We hope that these clarifications and additional experiments can address your concerns. Thank you again for your constructive review, and we welcome any further feedback or questions.

Sincerely,

Authors of Paper #19575

Thank you for your responses and your acknowledgement. We would like to further clarify the following two aspects of our work:

Comparison with the state-of-the-art methods

We have conducted extensive experiments using VisionZip and DyCoke, two representative and recently accepted methods at CVPR 2025 whose code and models are publicly available, enabling fair and reproducible comparisons. These baselines were selected because they were the most relevant accessible works accepted by CVPR 2025, the latest top-tier conference that had released its accepted list before the NeurIPS 2025 submission deadline (May 11, 2025).

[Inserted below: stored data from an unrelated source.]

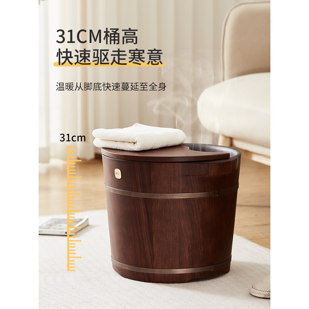 木质足浴桶木桶家用洗脚桶泡脚桶按摩冬天养生带盖实木洗脚盆马小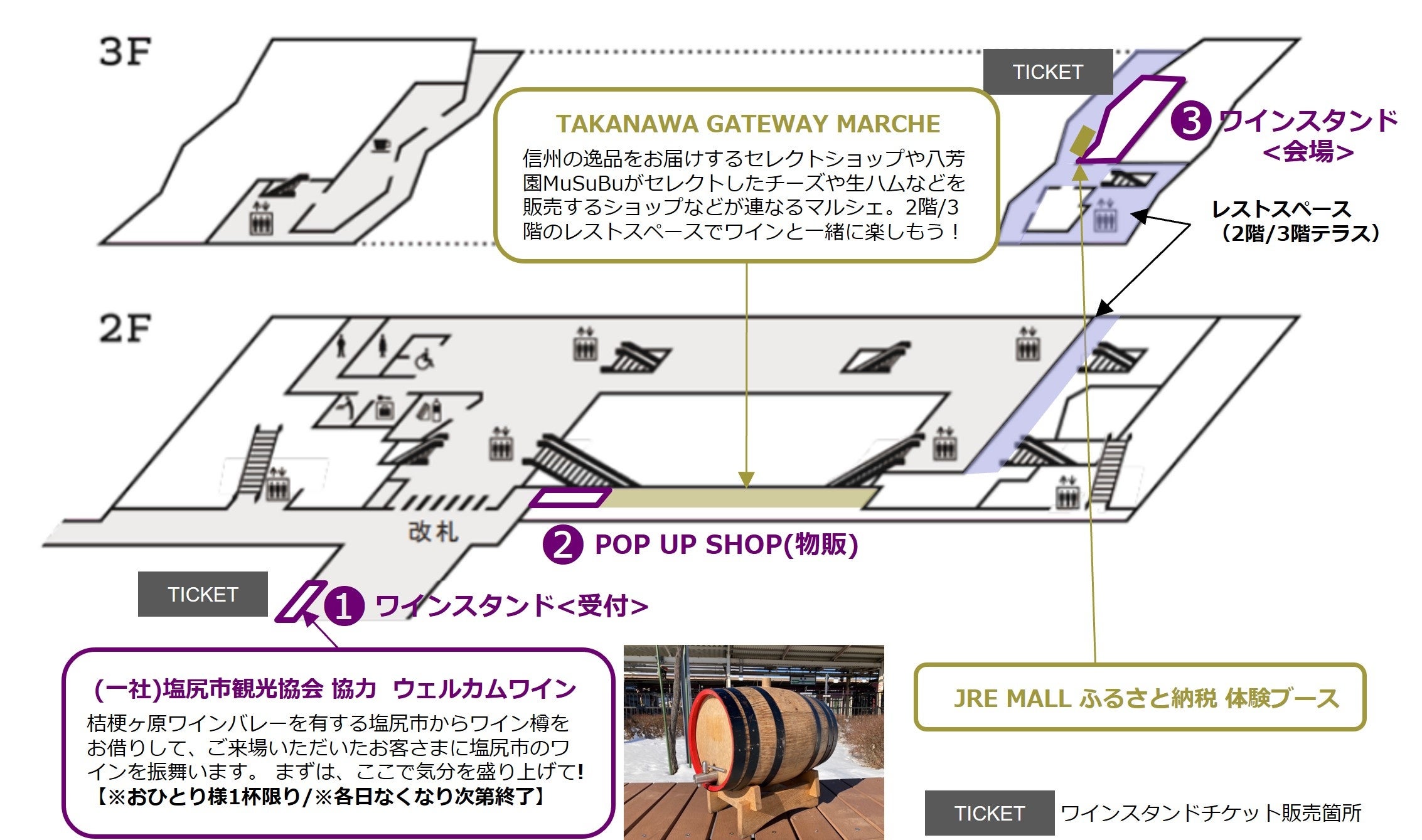 ■高輪ゲートウェイ駅「信州松本平のクラフトワインLOVER」イベントMAP ※会場はすべて改札外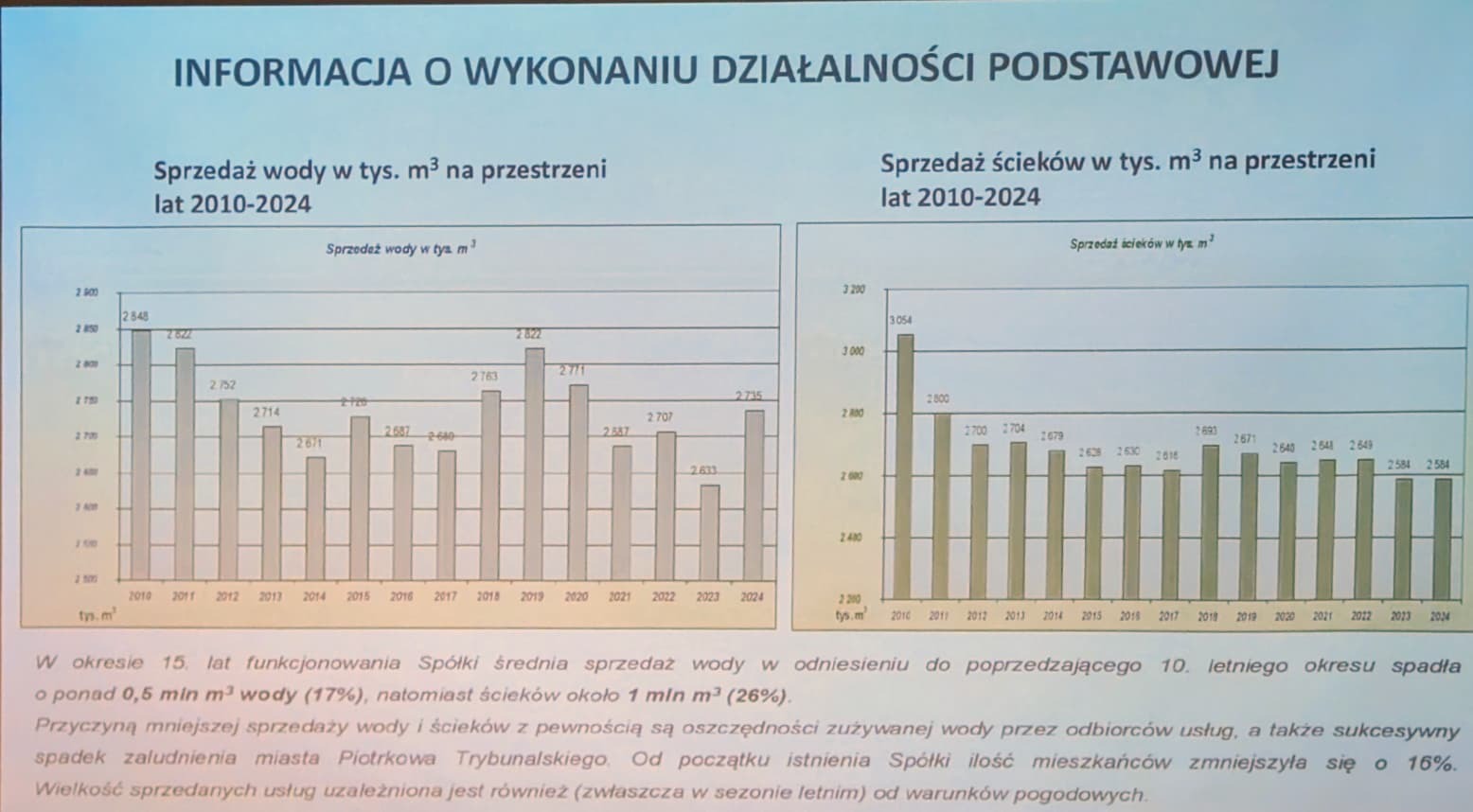Michał Rżanek - prezes Piotrkowskich Wodociągów i Kanalizacji przedstawia sprawozdanie ze swojej pracy w spółce.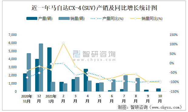 近一年馬自達CX-4(SUV)產銷及同比增長統計圖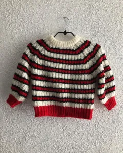Suéter blanco, rojo y negro. Suéter blanco, rojo y negro, Zara Fancy Collection, 100% acrílico, talla 5 años, manga 42 cm, axila a axila 38 cm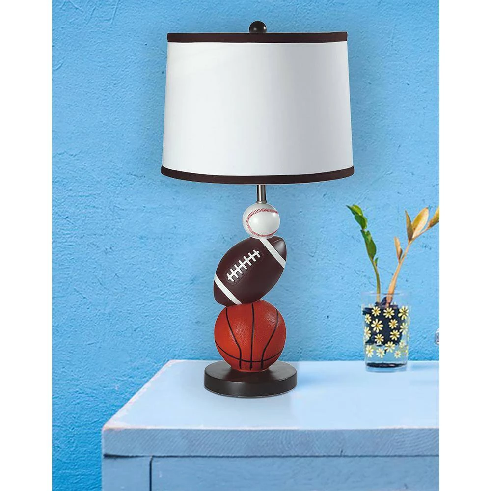 This Multi-Sport Table Lamp features a basketball, football and baseball, topped with a hardback shade. The perfect addition to any sport fan’s room. The lamp has a black rim around the shade and the base is made of resin.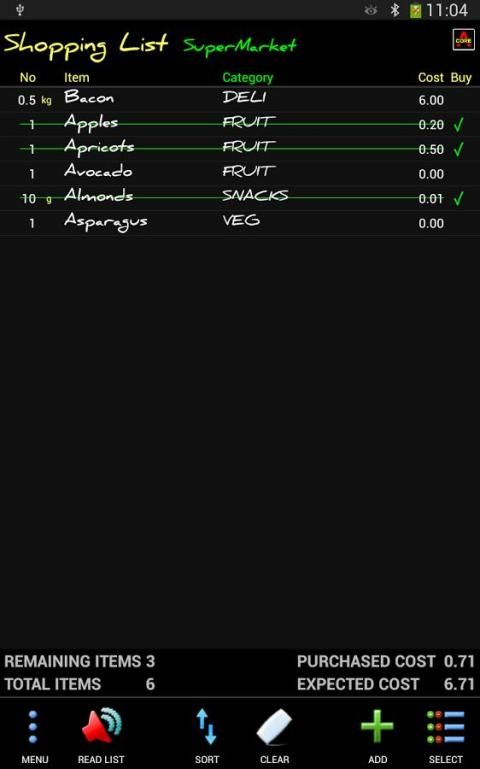 -عرض قائمة التسوق أبجديا أو فرزها حسب الفئة، أو تكلفة البنود المتبقية.

Impact and potential for broader applicability

We have conducted experiments with VisionZip and DyCoke on mainstream VLLMs (LLaVA-OneVision and Qwen2.5-VL) across six compression ratios (10%–75%), three long-video benchmarks, varying input frame lengths, and both encoder-feature and LLM-attention token compression paradigms. The results consistently demonstrate that our approach improves VLLMs’ inference efficiency in a training-free and model-agnostic manner, with broad applicability (see Appendix Tables 1–4, pp. 18–21 for full results).

Moreover, as shown in discussions with other reviewers, our method exhibits:

• Cross-architecture transferability (W2 of Reviewer mobj, W1/Q1 of Reviewer bZfF);
• Scalability across model sizes (W3(a) of Reviewer nbsC);
• Strong generalization to different usage scenarios, including fixed compute budgets, fixed input frames, and general descriptive queries (W1, Q2, Q4 of Reviewer bZfF). Importantly, the generalization capability of our designs can be supported by cross-model statistical analysis instead of relying on the empirical tuning (see our response to Reviewer bZfF’s follow-up), ensuring the method’s robustness in different settings.

Given the above facts and analysis, we believe that the proposed DyTok is a simple, effective and general method. However, its simplicity does not mean limited novelty. To the best of our knowledge, no prior work has explored dynamic temporal budget allocation for accelerating the inference of VLLMs. DyTok introduces a plug-and-play mechanism that consistently improves inference efficiency across different existing models, without any post-training overhead.

We hope this clarification highlights the method’s impact, broad applicability and novelty, and we sincerely appreciate your consideration.